Свежий ветерок донёс до беседки ароматный запах варения; молодой барин находил день прекрасным и ничуть не жарким, но спорить о погоде не стал. Есть дела поважнее.
— Маменька, — начал Иван Демьяныч, — вчера ночью меня пытались убить.
— Боже мой, что такое ты говоришь, сын?! — подскочила Светлана Андроновна, на миг даже забыв про веер. Потом спохватилась и быстро-быстро замахала. — Цел ли ты, дорогой?.. Матерь Божья, что я говорю!.. Мне нужны мои капли. — Она затрезвонила в серебряный колокольчик.

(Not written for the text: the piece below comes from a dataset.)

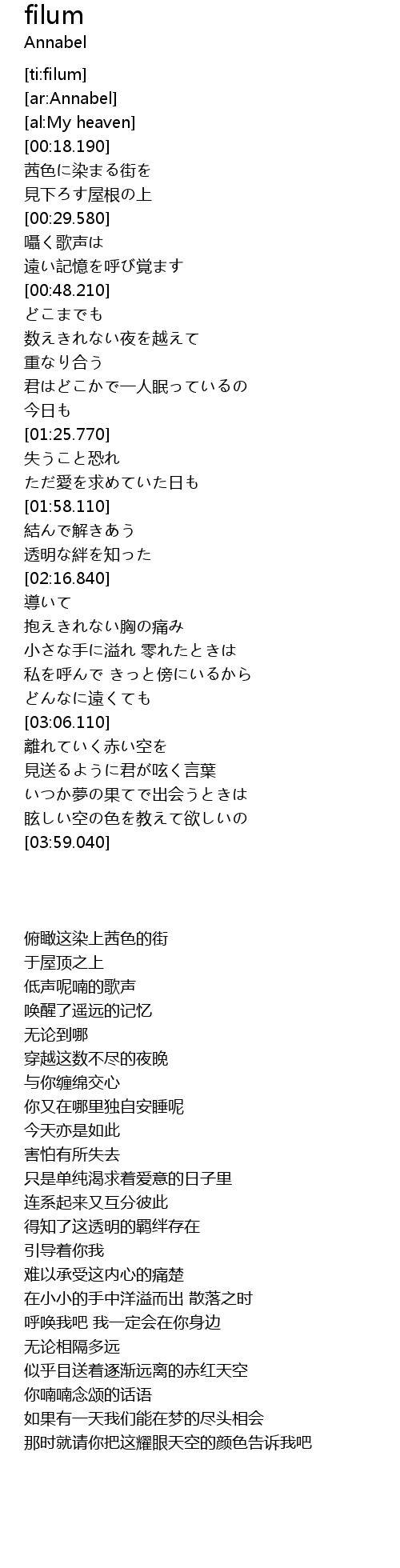 | [03:34.150] | いつか夢の果てで出会うときは |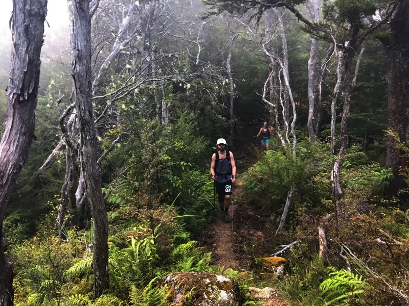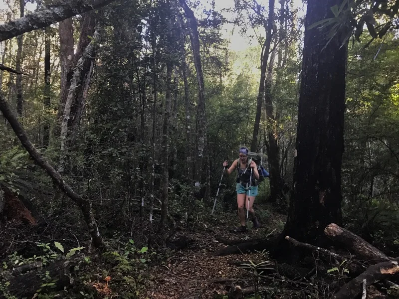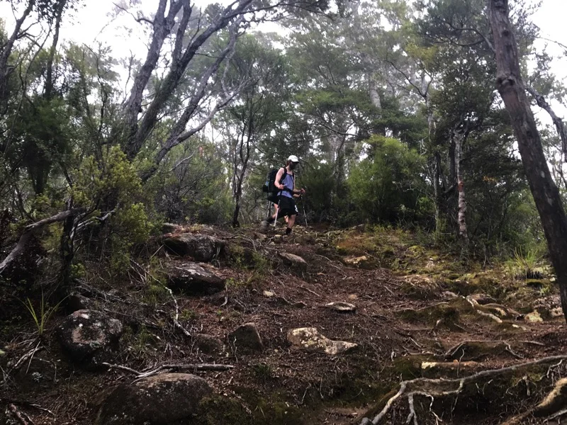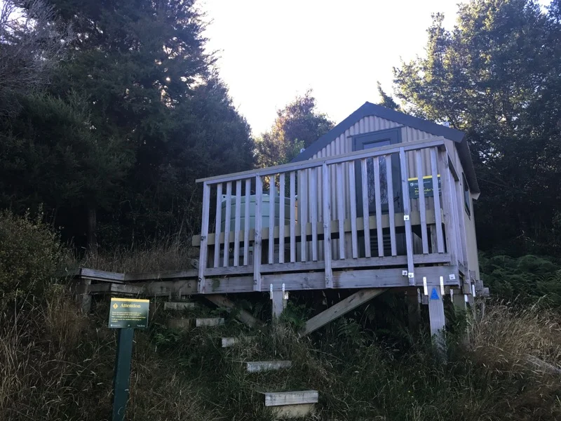 We kept following the Inland Trail. It was pretty similarly maintained to the section we walked yesterday. We crossed paths with another hiker who wasn't too social and got to the Moa Park Shelter around noon. It was a pretty icky shelter. Although it looked fine on the outside, the inside walls weren't finished and there were mouse droppings and (I'm assuming mouse) pee in the hut book. But it did have an outhouse close by and would have worked in a bad weather situation.

— Прекратите, мама! — повысил голос Иван Демьяныч. Он сделал ударение в слове «мама» на последнюю гласную, как любила Светлана Андроновна, на французский манер. — Я бы не был так спокоен, если бы угрожала опасность.
— Так зачем же ты меня так пугаешь, — посетовала барыня на сына.
— А затем…
Иван Демьяныч умолк, увидев прислугу.
— Звали, барыня? — спросил холоп.
— Нет-нет! Иди, — сказала она, не удостоив крепостного взглядом. Спросила сына:
— Так что ты говорил?
Иван Демьяныч удостоверился, что холоп удалился, только затем принялся за свою историю.
— Вчера ночью, когда я провожал одну девку…
— Крепостную?!
— Да, маменька. Она просила меня…
— Я её знаю?
— Возможно. Она дочь главы их общины. Валя.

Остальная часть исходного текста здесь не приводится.